Skip to content

8.0.x Upgrade Guide (Azure)

Pre-Upgrade Process

DataForge

DataForge will no longer allow certain type casts in output column mappings directly to prevent data loss when data types are mismatched incorrectly. Reach out to DataForge support for a query to run to identify data type changes needed. These changes can be made ahead of or after the upgrade. Output processes will fail until these data type changes are made.

Databricks

The previous SDK is no longer supported. All custom notebooks must now use the DataForge SDK. Custom processes that do not use the DataForge SDK will fail.

Follow the DataForge SDK migration guide for more information on switching notebook and cluster references.

Terraform

  • Add a Terraform variable for "postgres_update" and set the value to "yes"
  • Add a Terraform variable for "instanceType" and set the value to "Standard_DS3_v2"
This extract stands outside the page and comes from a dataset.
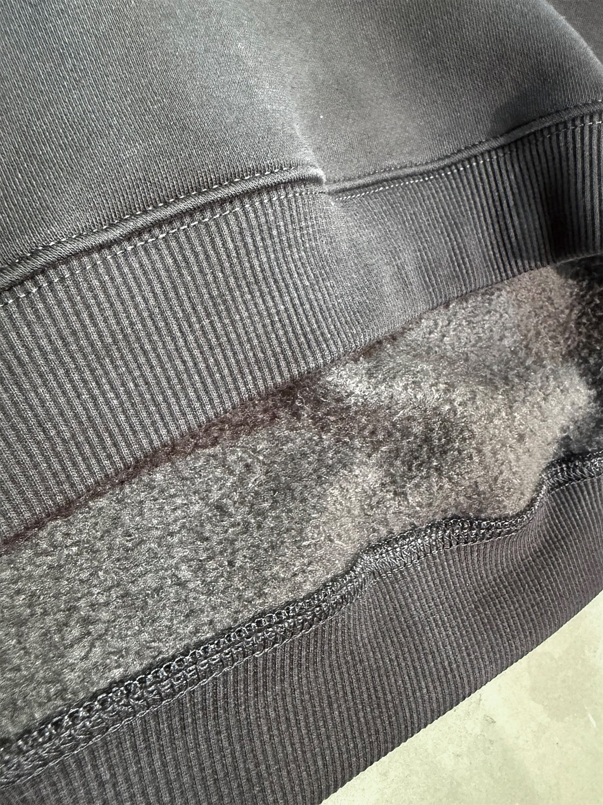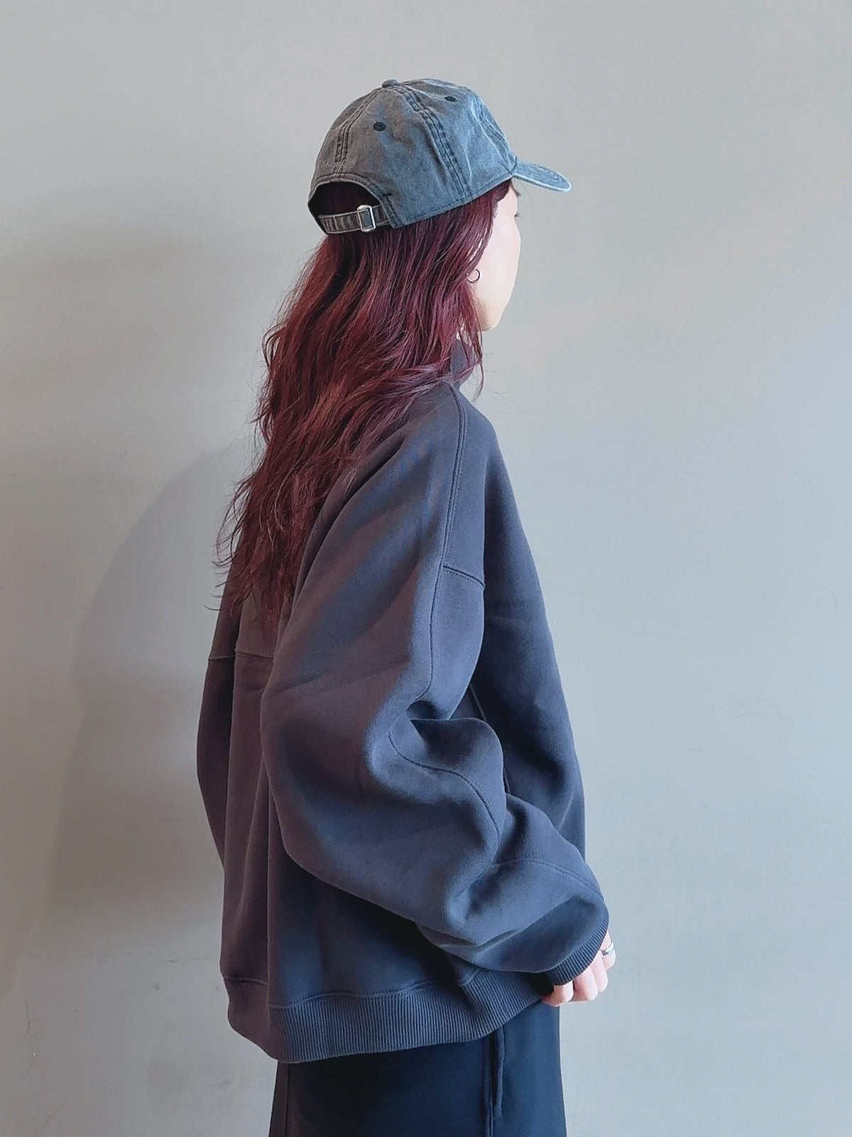 トレーナーのような素材感が魅力。暖かみのある裏起毛仕様で、冬の重ね着に最適です。

This Terraform variable will ensure the Postgres update to version 16.1 will occur. This variable should not be removed after the upgrade or else future Terraform runs will attempt to delete the database and recreate it.

Terraform and Databricks

If you previously ran Terraform using Databricks Username and Password variables, you'll need to migrate to a Service Principal and secret. Databricks stopped supporting Databricks-managed passwords on July 10th. Follow the Updating Terraform for Databricks Authentication guide to complete this transition. If this is not completed, Terraform runs will fail to apply due to authentication issues.

Docker

The DataForge team will need to invite your original Docker user to a new Docker hub. You will need to accept the Docker invitation from the original email address used in Terraform or sign up for a new Docker account so the DataForge team can invite the new email address.

Azure Resource Group

DataForge recommends turning off Azure resources for API, Core, and Agent prior to starting the upgrade. The Postgres metadata database will upgrade to version 16.1. Turning off Azure resources ensures no processes will attempt to run during the database upgrade.

Upgrade Process

After completing the Pre-Upgrade Process steps, follow the standard upgrade guide below to complete the upgrade. Once the upgrade is complete, proceed to the post-upgrade steps below.

Azure Upgrade

Post-Upgrade Process

Open Cluster Configurations (System Configurations -> Cluster Configurations) and check for any clusters renamed as "CHECK DATABRICKS VERSION ...". Open each cluster that has this in the name and in the Parameters -> Cluster Configuration, change the Spark Version to "14.3.x-.scala2.12" and save the changes.

Confirm the environment is alive and working as usual. Submit a support request if something is not working as intended.